- Born: December 30, 1945 (age 79) South Padre Island, Texas
- Area: Cartoonist, Writer, Penciller, Inker, Colourist
- Notable works: Thadeus & Weez The Daily Scribble LawComix

= Charles Fincher =

American cartoonist and lawyer

Charles Pugsley Fincher (born December 30, 1945, in San Benito, Texas) is an American cartoonist and lawyer. His cartoons and comics focus on the law.

==Education==
Fincher received his bachelor's degree from the University of Texas at Austin in 1968, and he was a distinguished military graduate of St. Mary's University School of Law, where he received his juris doctor in 1971.

==Career==
He was admitted to the State Bar of Texas in 1971 and admitted to practice before the Fifth Circuit and the U.S. District Court, Southern District of Texas. He has practiced law ever since.
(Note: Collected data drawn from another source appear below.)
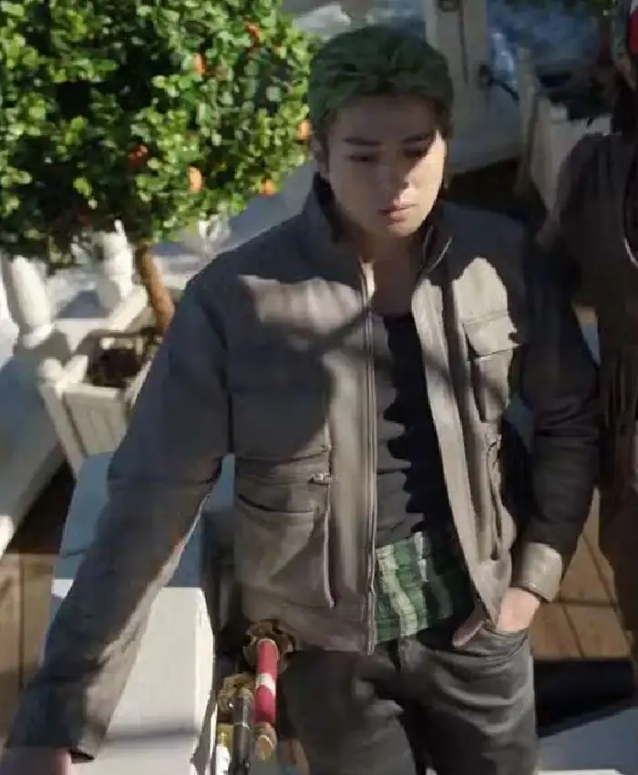 Mackenyu One Piece 2026 Roronoa Zoro Grey Leather Jacket For Men
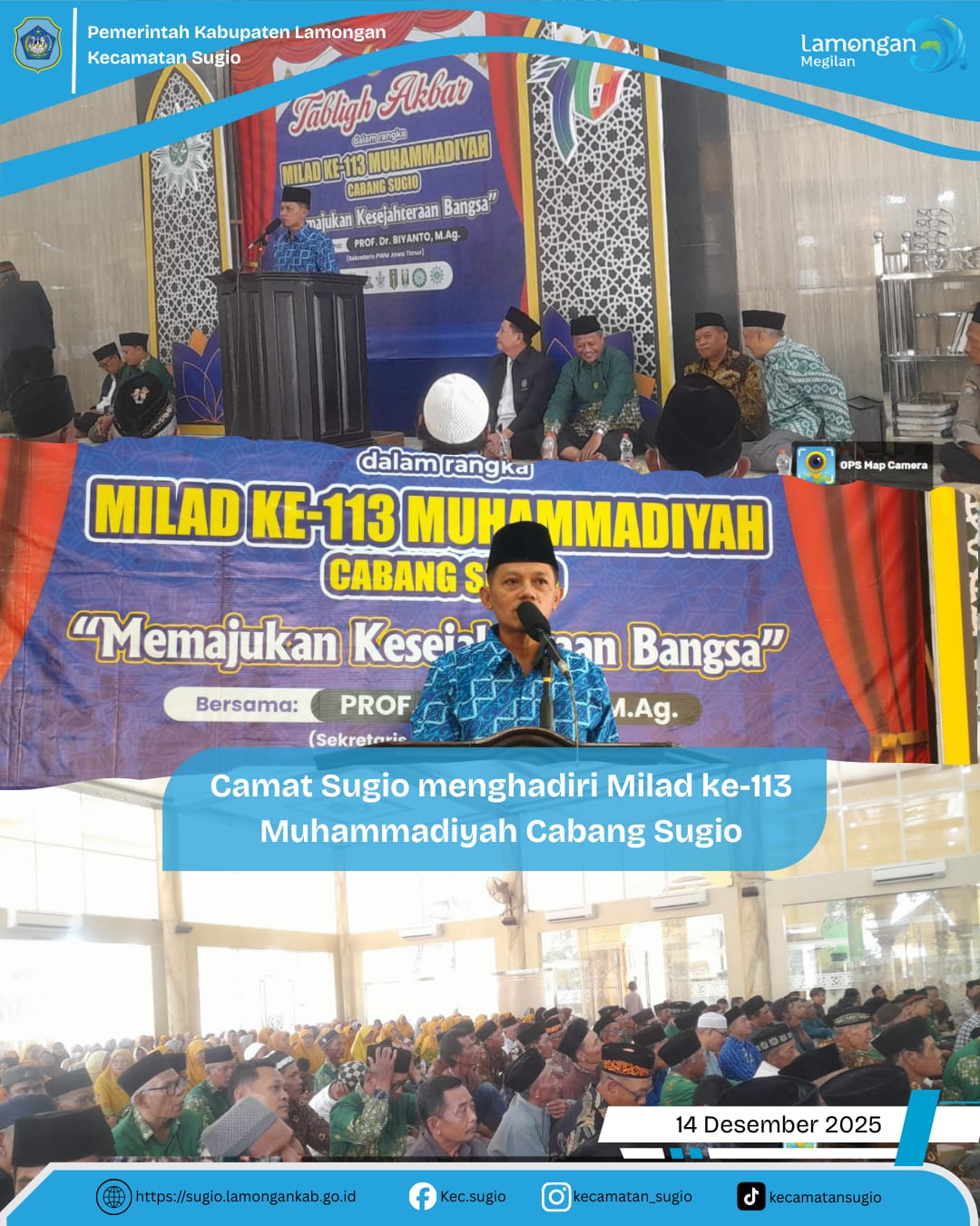 Sugio - Minggu 14 Desember 2025 kemarin Camat Sugio bpk. Bambang Purnomo, AP., MM. turut hadir pada puncak acara peringatan Milad ke-113 Muhammadiyah Cabang Sugio. Kegiatan yang berlangsung di Masjid Sabilillah Desa Sugio Kecamatan Sugio Kabupaten Lamongan.
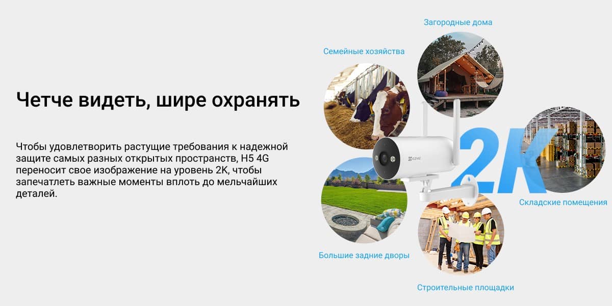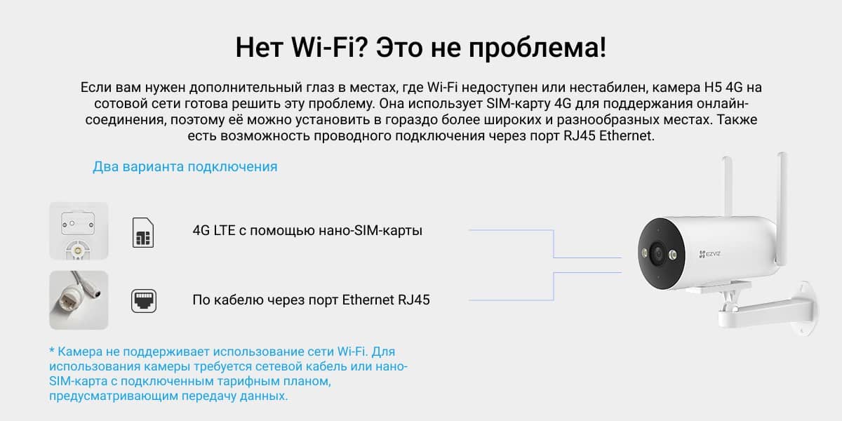 Камера EZVIZ H5 4G ориентирована на автономное наблюдения там, где Wi-Fi недоступен или ненадёжен: удалённые участки, временные площадки, объекты с мобильным покрытием. Устройство поддерживает подключение через 4G LTE и дополнительно оснащено сетевым RJ-45-портом, что обеспечивает гибкие варианты сетевого доступа.
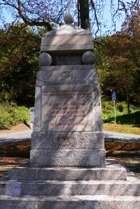 Steinstele auf einem dreistufigen Steinsockel, das Dach mit einem kleinen Kreuz wird von vier Steinkugeln gestützt Auf drei Seiten beschriftete Steintafeln, die vierte Seite unbeschriftet
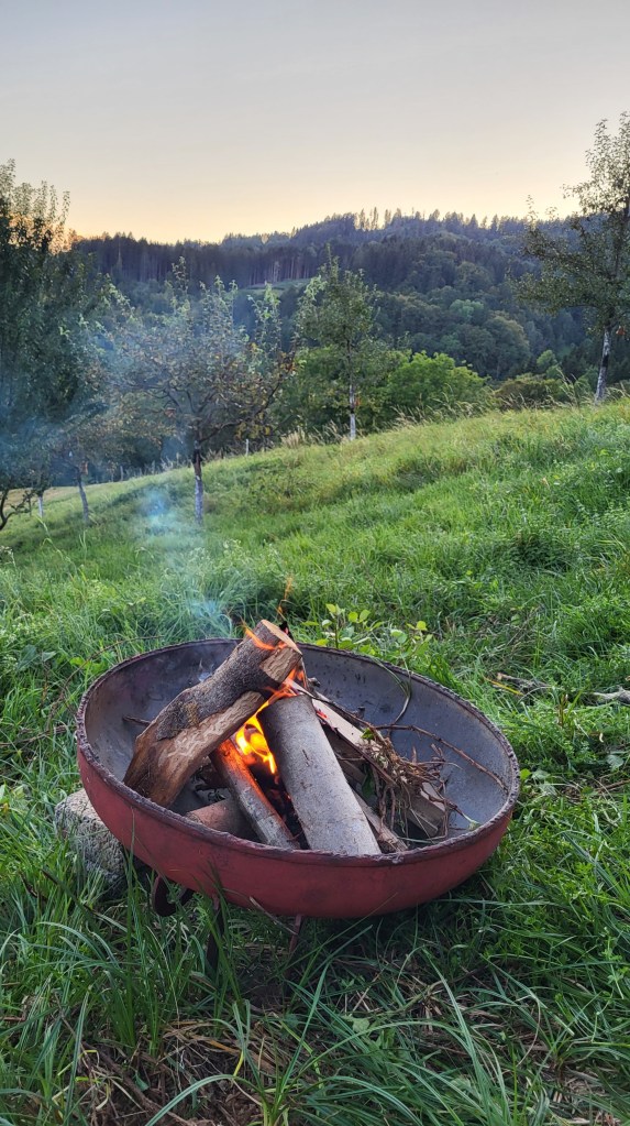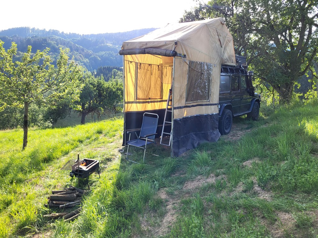 Auf unserer Streuobstwiese am Hang können 1-2 Overlandtrucks parken, unsere Outdoorküche und -dusche stehen den Weltreisenden gerne zur Verfügung. Achtung 4×4 Antrieb ist von Vorteil, bei feuchter Witterung kann das Fortkommen schwierig bis unmöglich sein. Unbedingt vorher Kontakt mit uns aufnehmen.

In the 1970s, Fincher began publishing his law-related comics and strips. During 1987 he began his long-running Texas-themed political newspaper comic strip, Thadeus & Weez, which ran in 19 Texas newspapers before being retired in 2005. Also in 2005, he won "Best Web Cartoon" in the "People's Pick" category from About.com for The Illustrated Daily Scribble. Besides Texas newspapers, his editorial cartoons have appeared in the Arizona Daily Star and the Boston Herald, and his work has been reprinted in textbooks and legal journals.

For five years, Fincher's monthly lawyer strip Fenwilder & Jones ran in the ABA Journal.

Fincher ended his long-running political comic strip, The Illustrated Daily Scribble, in 2006, because, he said, "The Bush administration is hard to satirize."

A year later, he resumed Scribble and launched two new strips, Scribble-in-Law and Scribble Beach. His most recent cartoon characters include Bitcher & Prickman, comic law partners. He is also the founder of LawComix, a cartoon site for lawyers. He is the creator of Legal Isms, comic strips about lawyers, contracted by LexisNexis.

In 2008, Fincher was commissioned by the ABA's Council of Appellate Staff Attorneys (CASA) to paint a fantasy illustration of constitutional law professor Erwin Chemerinsky as a shortstop with the Chicago Cubs, the scholar's favorite team. The painting was presented to Chemerinsky at a conference.

Fincher practices at the Allison Law Firm, a private firm in South Padre Island, Texas that specializes in serious injury and wrongful death lawsuits.